Re: [CODE4LIB] HTML mark-up in MARC records

2009-06-22 Thread Danielle Plumer
Michael,

For institutions that catalog digital objects in MARC or link to digital 
surrogates as UT Arlington does, my recommendation is to use the 856 as follows:

856 41 $u http://www.uta.edu/library/ccon/images/thumbs/00384Thumb.jpg $3 
thumbnail image
856 41 $u http://www.uta.edu/library/ccon/mrsid_images/ccon/00384.sid $3 access 
image
856 42 $u http://libraries.uta.edu/ccon/scripts/ShowMap.asp?accession=00384 $3 
Cartographic Connections web site

If there were a finding aid, it would go in as

856 42 $u http://library.uta.edu/findingAids/maps.jsp $3 finding aid

There have been conservations on the AUTOCAT list about the subfield 3; there's 
no controlled vocabulary or even best practices for how to use it, which makes 
it very difficult to use as a guide to what exactly you're linking to.

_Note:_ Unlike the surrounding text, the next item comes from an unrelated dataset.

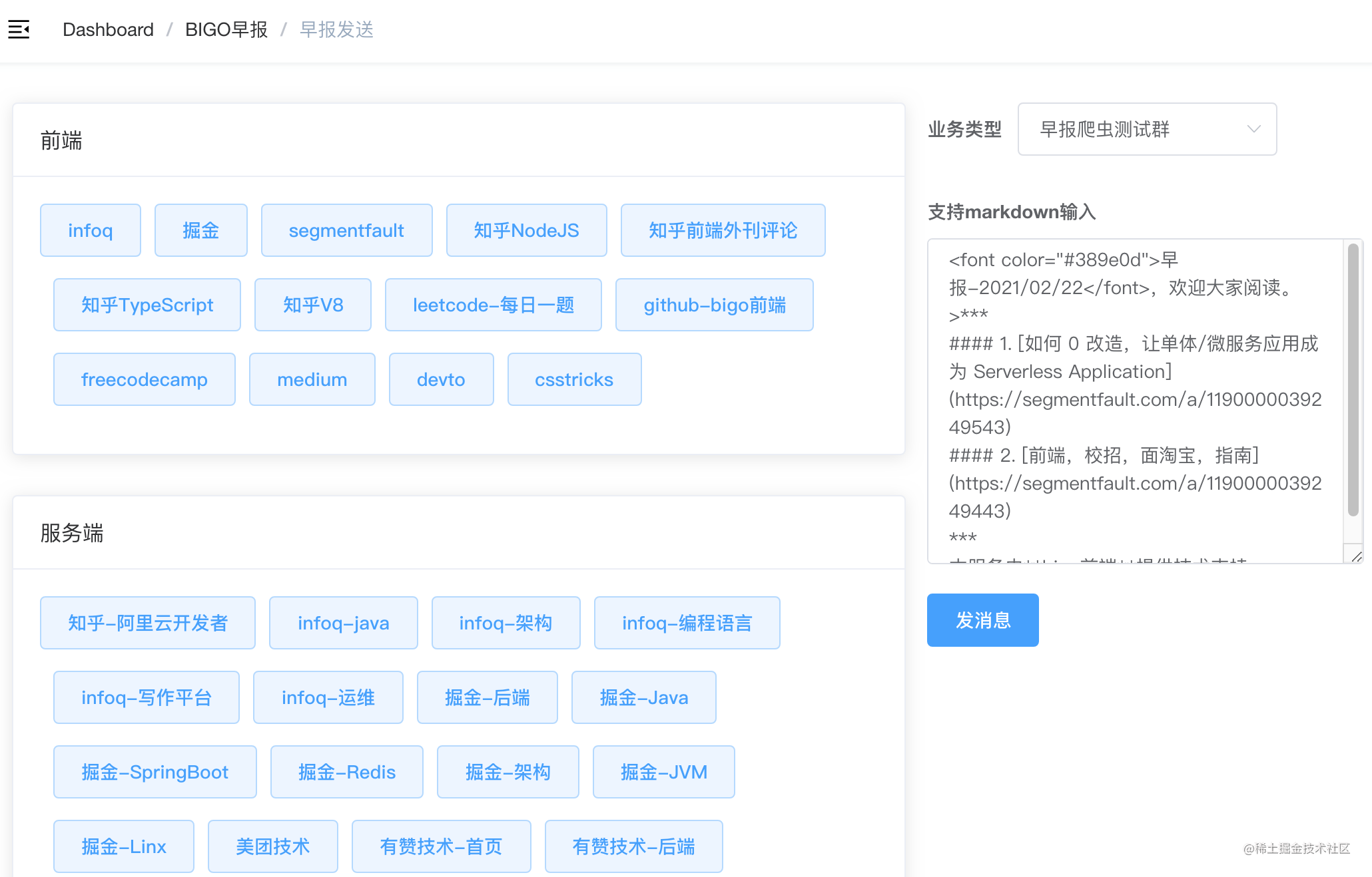 ## 前端早报 ## 系统介绍 bigo前端早报系统,包括但不限于掘金、知乎、infoq等咨询站点内容推送 支持推送到:企业微信 待支持:钉钉 开发 $ npm i $ npm run dev $ open http://localhost:9001/ 功能预览 实现原理 使用puppeteer获取html结构,然后使用cheerio解析dom结构,返回爬虫数据。

We're 
working on a formal set of best practices for digitization projects in Texas 
that will include a recommendation similar to this.

From a set of 856s like this, I can create a stylesheet to display the 
thumbnail image and link out to the website appropriately in our statewide 
image search tool Texas Heritage Online. I access UT Arlington's collections 
over Z39.50, btw -- see 
http://www.texasheritageonline.org/search.tkl?focus=target-utar-ccon.tklcclquery=mapoffset=1.
 

Having HTML tags in the MARC is unnecessary, and might break things in normal 
catalog displays. What I need most is consistency so that I don't have to 
figure out every possible variation for every possible system, which gets a bit 
old.

Danielle Cunniff Plumer, Coordinator
Texas Heritage Digitization Initiative
Texas State Library and Archives Commission
512.463.5852 (phone) / 512.936.2306 (fax)
dplu...@tsl.state.tx.us

-Original Message-
From: Code for Libraries [mailto:code4...@listserv.nd.edu]on Behalf Of
Doran, Michael D
Sent: Sunday, June 21, 2009 5:09 PM
To: CODE4LIB@LISTSERV.ND.EDU
Subject: Re: [CODE4LIB] HTML mark-up in MARC records


Hi Stuart,

 A couple of quick questions:

I'd be glad to answer, but I suspect these really only have relevance *after* 
the main issue (Is embedding HTML mark-up in MARC records a good/bad idea?) 
is decided.  ;-)

 (1) When you say HTML which version of HTML are you using?

For the HTML markup in the record, there's obviously no version explicitly 
specified.  Some img tags have an end tag (i.e. img src=URL /), so could 
be said to conform to XHTML 1.0, others have no end tag, so are generic HTML.  
The ILS in question declared pages to be HTML 4.0 Transitional in older 
versions of the online catalog but HTML standards compliance was wishful 
thinking.  The current version declares pages to be HTML 4.01 Transitional 
and comes a lot closer to conforming.

This does bring up the issue, though, of the potential for a mis-match in 
conformation to a  declared DOCTYPE between the HTML mark-up in the record, and 
the online opac's HTML mark-up. 

 (2) What tool are you using to validate the HTML inside the MARC?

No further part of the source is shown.